Location: In-depth analysis of the root cause and location of the issue. AIOps will point out a specific set of components and variables that might have triggered an incident. Again, this will not be limited to internal factors only, but also consider external factors (e.g. network conditions, number of users and their behavior, and similar).
Interaction: Prioritizes and triages incidents, suggests corrective actions, and flags issues that require human input. Our team prioritizes issues based on the number of users that would be affected or at risk if a certain fault is not prevented. Additionally, AIOps can utilize prepared responses to specific situations based on historical data and incident resolution patterns.
Okay, this all sounds great! So why haven’t we done this yet?
AIOps implementation checklist
Need: First off, evaluate whether you actually need to leverage AIOps. If your operations team is typically facing more incidents than they can comfortably handle, it might be time to change. In our case at NordVPN, with an ever-expanding customer base, server requirements, area coverage, and platform offering, AIOps was a necessary optimization.
Team: An effective AIOps team requires a diverse set of roles, including data engineers and scientists to build and refine the AI models, and data analysts to extract useful insights. Engineering across DevOps, site reliability, and full stack ensures seamless integration, process automation, and system performance/scaling. Security specialists and project managers oversee the security and overall workflow of the project.
Hardware: Appropriate processing power, a decent amount of storage, and high-speed networking capability.

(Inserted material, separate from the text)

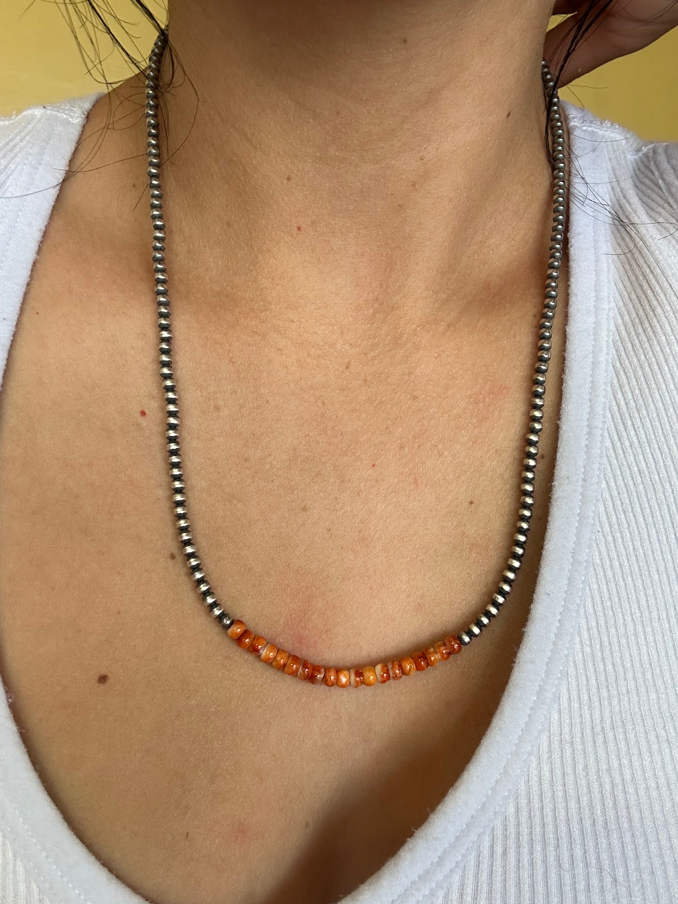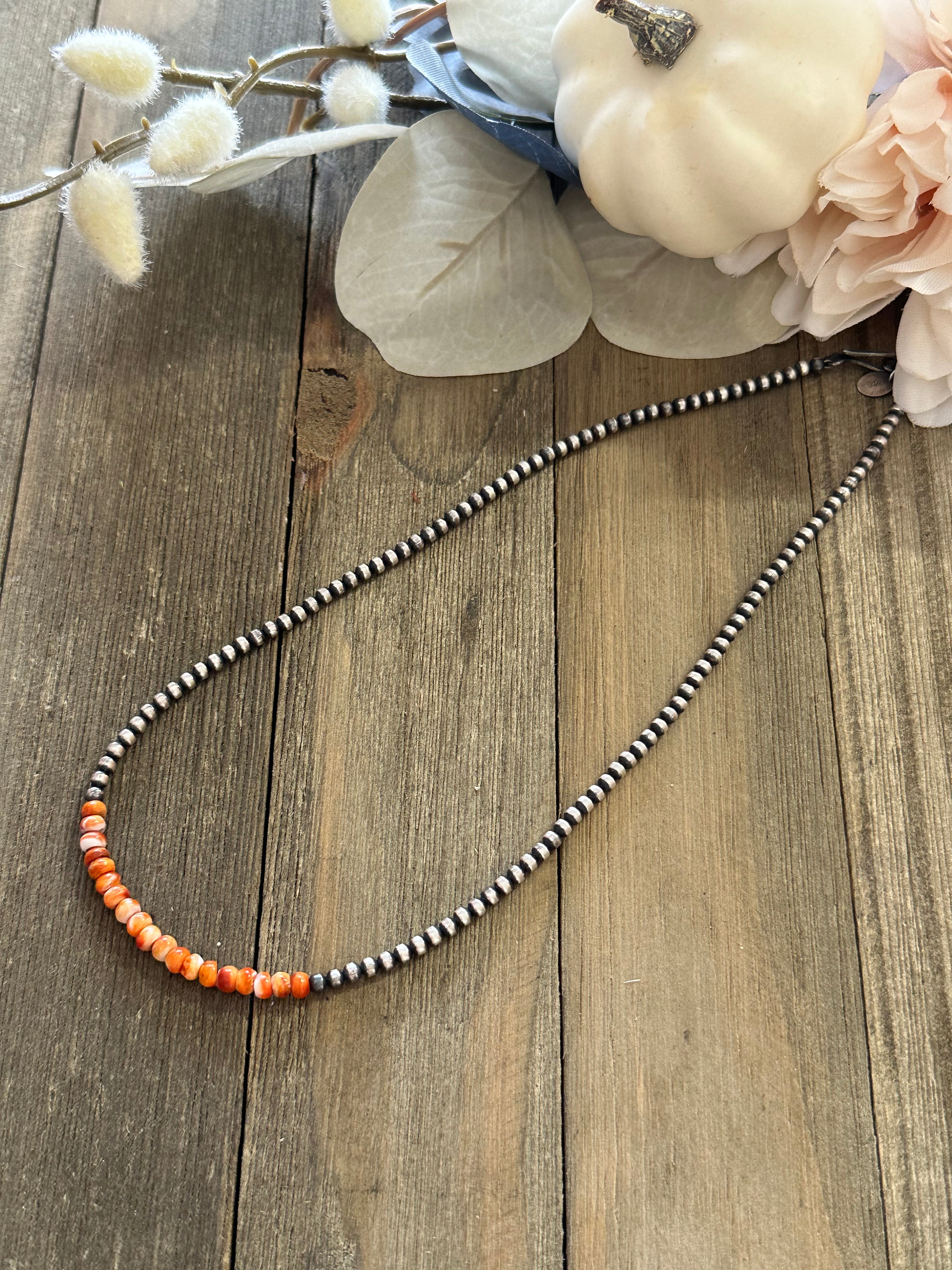 Navajo Strung Spiny Oyster & Sterling Silver Pearls Beaded Necklace. It measures 20 inches long. Stones will differ due to natural stones.
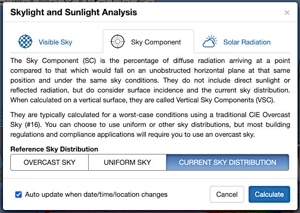 Overlaying the radiant distribution of the various CIE Standard General Sky types, simultaneously in both 2D and 3D, that update dynamically whenever the date, time or location changes,

Software: Big data platforms (detailed below), ETL tooling, selected ML and AI tools, CI/CD tools, containerization platforms (Docker/Kubernetes), and monitoring tools.
Data: The data management platform generally has to be built from the ground up and include all relevant ingest data, such as event logs, traces, incident reports, etc.
Building a platform for that kind of scale is a huge job. There are third-party AIOps platforms out there, but they still require a major effort to align with your specific needs and often necessitate a data lake to centralize your data. You’ll also need the appropriate APIs.
Trust: It takes a mindset shift in your team or company to trust models over humans to diagnose incidents correctly. Don’t pass over this one—it’s key to successfully adopting new IT approaches like AIOps. You could start by gradually incorporating models in low-risk scenarios or incident patterns. Your team can experience the advantages of AIOps firsthand, which will build confidence and trust in this new approach.
To wrap up, we’ve found that a well-implemented AIOps system is an efficient way of bringing excellent service to customers. Equipped with deeper insights and increased automation, our IT team was able to shift focus to priority incidents and innovation with AIOps.